## Instructions for the task
Starting with the line that has "Shop Palestine Spring Bazaar Date: Sunday, May" and finishing with the line that has "Технология Zigbee обеспечивает", set down each line below exactly. Pictures are not copied.

## Data extracts

•••••

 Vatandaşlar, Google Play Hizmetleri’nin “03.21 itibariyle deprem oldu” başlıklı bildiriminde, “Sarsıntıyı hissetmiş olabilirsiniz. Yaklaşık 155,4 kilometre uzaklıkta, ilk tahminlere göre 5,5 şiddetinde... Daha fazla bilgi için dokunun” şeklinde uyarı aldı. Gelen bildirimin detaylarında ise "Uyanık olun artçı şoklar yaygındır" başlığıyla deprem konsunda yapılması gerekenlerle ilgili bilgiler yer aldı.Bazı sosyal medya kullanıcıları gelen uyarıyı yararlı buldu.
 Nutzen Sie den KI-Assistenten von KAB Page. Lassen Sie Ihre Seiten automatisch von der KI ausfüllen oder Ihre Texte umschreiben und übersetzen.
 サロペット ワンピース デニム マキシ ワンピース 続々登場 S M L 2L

•••••

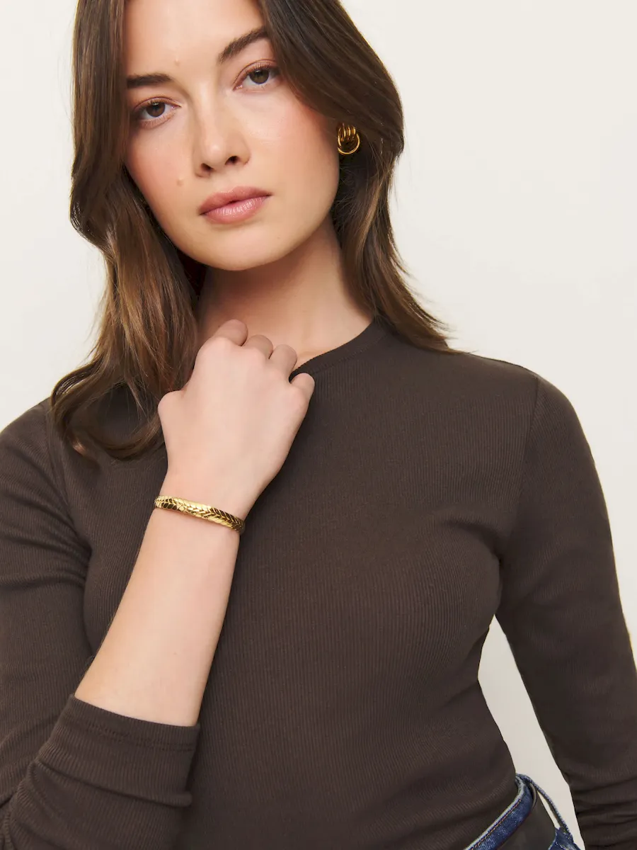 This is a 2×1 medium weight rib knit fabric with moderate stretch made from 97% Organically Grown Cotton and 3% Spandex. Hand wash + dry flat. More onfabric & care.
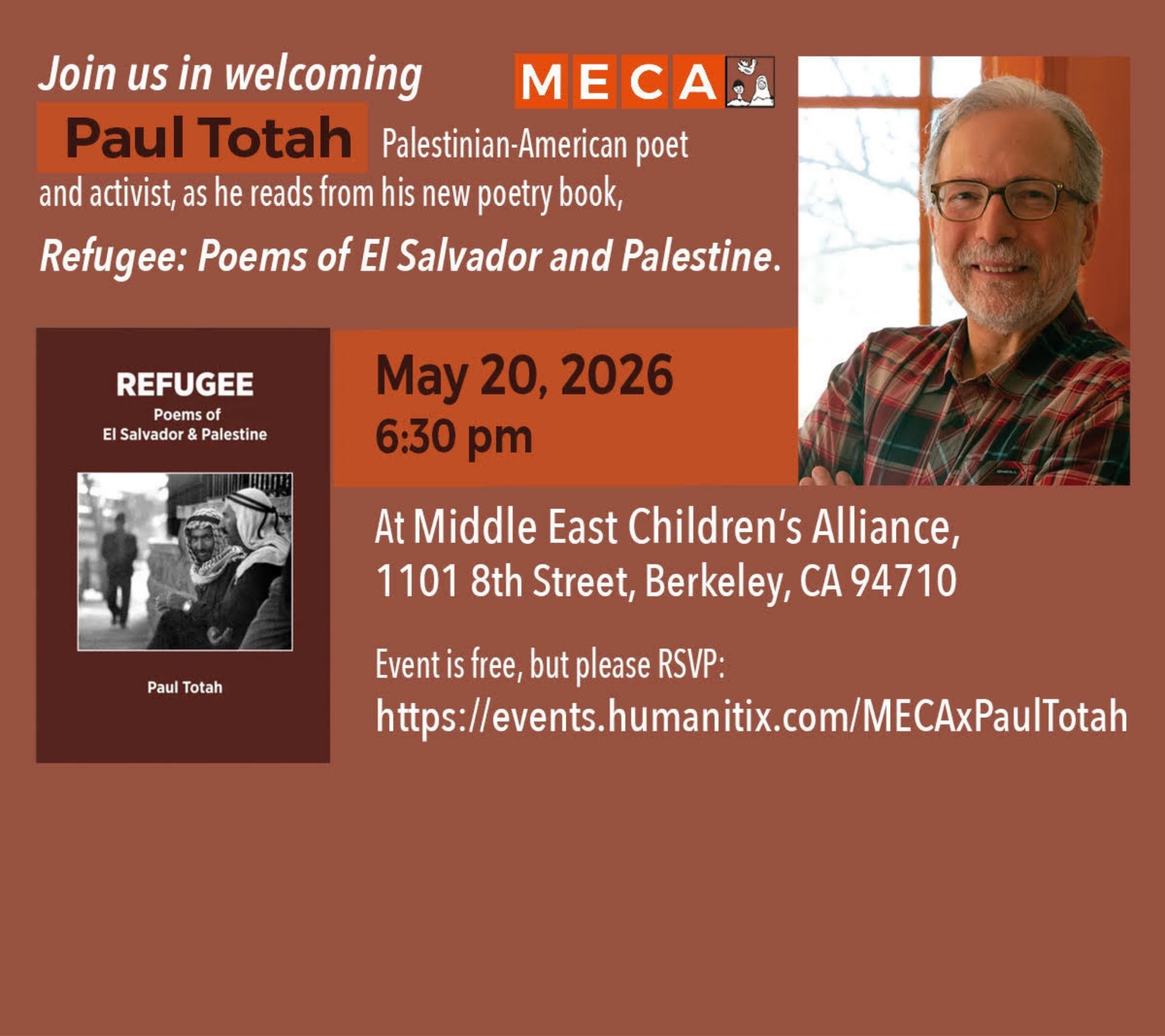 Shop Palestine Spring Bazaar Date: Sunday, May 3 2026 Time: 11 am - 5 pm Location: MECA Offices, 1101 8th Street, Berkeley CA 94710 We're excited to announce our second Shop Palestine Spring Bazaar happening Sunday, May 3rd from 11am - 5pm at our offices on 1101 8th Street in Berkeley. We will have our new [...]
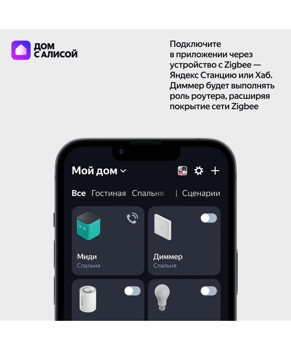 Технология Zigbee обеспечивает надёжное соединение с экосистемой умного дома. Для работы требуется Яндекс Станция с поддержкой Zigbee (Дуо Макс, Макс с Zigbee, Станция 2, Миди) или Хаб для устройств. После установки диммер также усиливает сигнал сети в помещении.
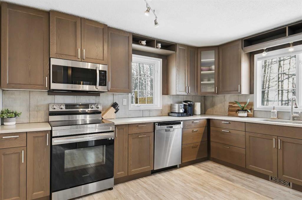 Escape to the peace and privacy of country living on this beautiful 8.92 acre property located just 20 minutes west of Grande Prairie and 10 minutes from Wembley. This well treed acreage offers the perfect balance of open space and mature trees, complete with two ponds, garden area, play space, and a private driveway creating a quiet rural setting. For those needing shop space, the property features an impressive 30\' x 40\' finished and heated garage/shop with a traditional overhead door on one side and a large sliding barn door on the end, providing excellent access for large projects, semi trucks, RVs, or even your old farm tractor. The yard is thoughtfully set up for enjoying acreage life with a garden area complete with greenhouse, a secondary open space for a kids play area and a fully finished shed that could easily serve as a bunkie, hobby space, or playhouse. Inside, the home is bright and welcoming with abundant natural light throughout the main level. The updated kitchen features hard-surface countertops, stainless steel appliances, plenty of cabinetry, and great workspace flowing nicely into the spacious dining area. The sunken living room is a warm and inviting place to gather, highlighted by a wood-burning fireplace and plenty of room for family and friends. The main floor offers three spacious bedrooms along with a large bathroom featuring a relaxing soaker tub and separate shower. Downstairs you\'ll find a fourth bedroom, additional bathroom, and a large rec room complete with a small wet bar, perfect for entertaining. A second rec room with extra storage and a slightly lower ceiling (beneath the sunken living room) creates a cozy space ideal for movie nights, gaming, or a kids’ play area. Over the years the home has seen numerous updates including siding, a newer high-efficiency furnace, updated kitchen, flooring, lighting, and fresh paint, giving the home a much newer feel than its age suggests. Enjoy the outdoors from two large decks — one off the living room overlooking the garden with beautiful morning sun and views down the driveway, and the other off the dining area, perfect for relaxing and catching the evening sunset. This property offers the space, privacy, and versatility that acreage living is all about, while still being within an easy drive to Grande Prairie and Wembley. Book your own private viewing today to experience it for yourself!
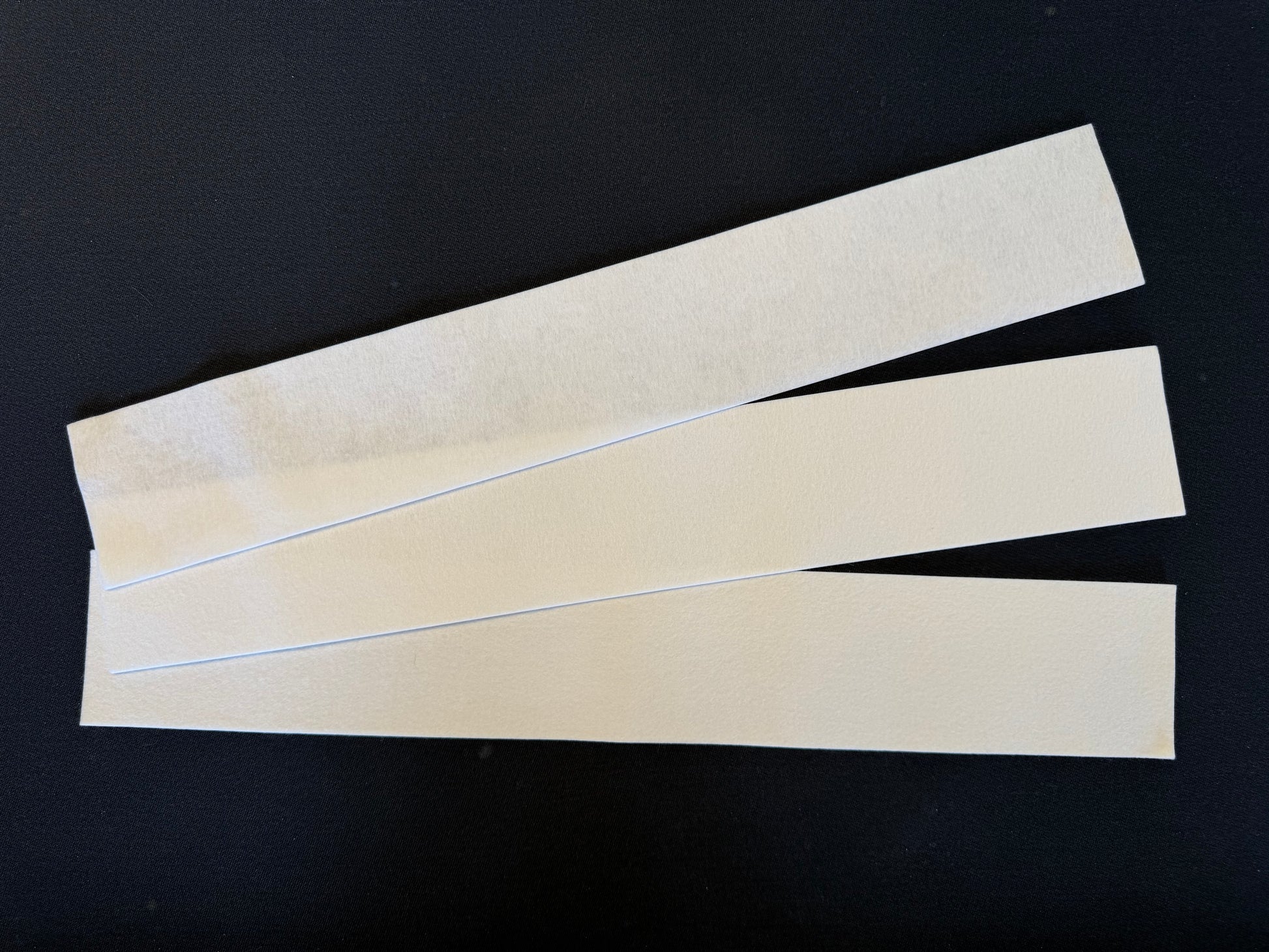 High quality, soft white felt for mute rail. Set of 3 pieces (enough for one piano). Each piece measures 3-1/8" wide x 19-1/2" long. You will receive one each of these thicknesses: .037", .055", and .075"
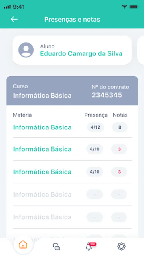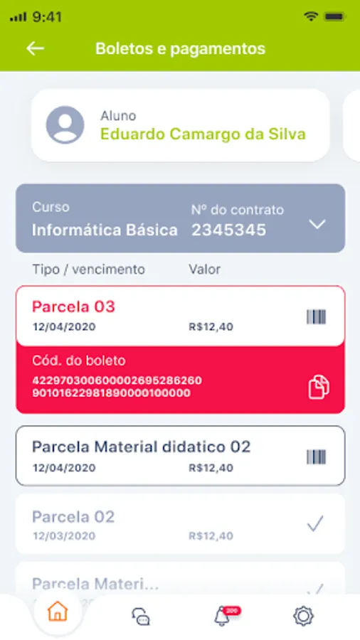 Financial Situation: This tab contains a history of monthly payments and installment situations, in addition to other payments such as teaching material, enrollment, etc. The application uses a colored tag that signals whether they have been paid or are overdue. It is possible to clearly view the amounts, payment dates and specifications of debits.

•••••

## Response box
 Shop Palestine Spring Bazaar Date: Sunday, May 3 2026 Time: 11 am - 5 pm Location: MECA Offices, 1101 8th Street, Berkeley CA 94710 We're excited to announce our second Shop Palestine Spring Bazaar happening Sunday, May 3rd from 11am - 5pm at our offices on 1101 8th Street in Berkeley. We will have our new [...]
 Технология Zigbee обеспечивает надёжное соединение с экосистемой умного дома. Для работы требуется Яндекс Станция с поддержкой Zigbee (Дуо Макс, Макс с Zigbee, Станция 2, Миди) или Хаб для устройств. После установки диммер также усиливает сигнал сети в помещении.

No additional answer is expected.